Si el Perú hubiese planteado la denuncia parcial con la finalidad de aplicar la pena de muerte a los condenados por traición a la patria en caso de guerra interna o, como ahora, para aplicársela a los violadores de menores de edad, dejaría de lado importantes mecanismos de protección a los derechos humanos, como los que garantizan los tratados mencionados, lo que bien podría conducir a abusos, excesos y atropellos. Además, se debe tener en cuenta que si el Perú decidiera denunciar a la Convención tendría que hacerlo con aviso de un año para poder retirarse, como lo precisa el artículo 78.º del mismo tratado. En conclusión, la pena capital no es necesaria ni conveniente. Lo que debe hacerse es mejorar tanto el sistema de administración de justicia para garantizar juicios justos, como el sistema penitenciario, para dotar a la sociedad de la tranquilidad y seguridad que con justicia se merece. 

¿AMPLIACIÓN DE LA PENA DE MUERTE SIN DENUNCIAR LOS TRATADOS? 

Existen cuatro proyectos de ley para extender la pena de muerte más allá del marco jurídico actual.

 El APRA ha presentado uno que pretende ampliar la pena de muerte para los violadores de menores de 7 años de edad sin denunciar los tratados internacionales, lo que colocaría a nuestro país en situación de ser pasible de una sanción por incumplimiento de los tratados sobre derechos humanos de los cuales el Perú es parte. 

El proyecto del gobierno se sustenta en que al ratificarse la Convención Americana de Derechos Humanos en 1978 regía la Constitución de 1933, a pesar de que el Estatuto Revolucionario que impuso el Golpe de Estado de 1968 la puso de lado. 

Lo más importante es que el proyecto desconoce que la misma Constitución de 1933 que invoca, exigía que la ratificación de tratados la hiciese el Congreso y no el Poder Ejecutivo, como en efecto lo hizo el gobierno de facto en julio de 1978 ya que carecía de parlamento. 

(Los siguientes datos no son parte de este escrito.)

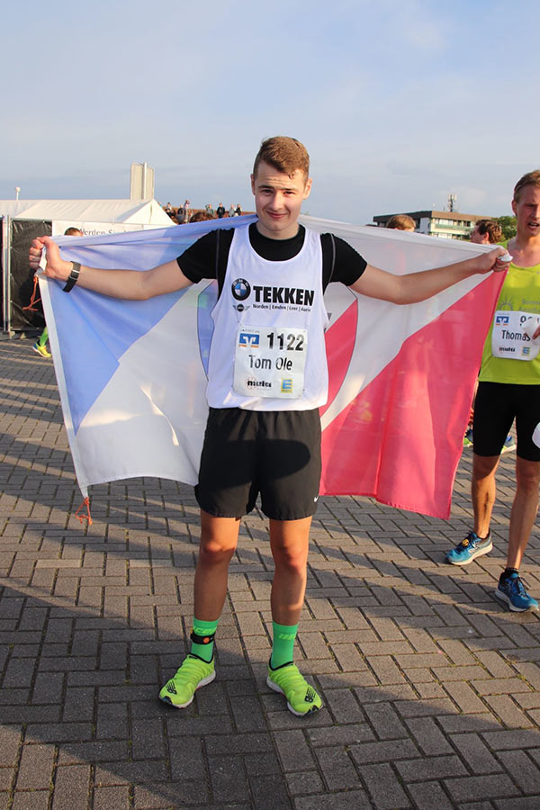 Nicht zu stoppen war auch Pressewart Tom Ole Theiken. Der 18-Jährige verteidigte auch auf den letzten drei Etappen und 32,4 Kilometern, das „Leadertrikot“ der Jugendwertung und stand somit in Bensersiel ganz oben auf dem Treppchen. Für die sechs Etappen blieb er mit einer Zeit von 3:59:41 sogar als nur einer von 11 Athleten unter der 4-Stunden-Marke. Neben dem Triumph in der Nachwuchswertung (mit mehr als 3 Minuten Vorsprung und inkl. sechs Etappensiegen), pulverisierte Theilken auch seine eigene zehn Kilometerbestzeit und blieb auf der 4. Etappe auf 10.000 Meter erstmals unter 37:00 Minuten. Auf der letzten Etappe des diesjährigen Ossiloops wurde Tom Ole zudem Fünfter im gesamten Feld. Insgesamt schob er sich noch in der Gesamtwertung auf Platz 11 vor. Im Ziel warteten bereits Schweer und Marianne Meyer auf den „Toplooper“ mit „TV Apen Sekt“ sowie mit einer Flagge, um den Erfolg angemessen zu feiern.

Fue por esa razón que la Constitución de 1979, presidida por Víctor Raúl Haya de la Torre, ratificó en todas sus cláusulas el Pacto Internacional de Derechos Civiles y Políticos, así como su Protocolo Facultativo, haciendo lo propio en la Convención Americana sobre Derechos Humanos de San José de Costa Rica, incluyendo sus artículos 45.º y 62.º, referidos a la competencia tanto de la Comisión como de la Corte Interamericana de Derechos Humanos.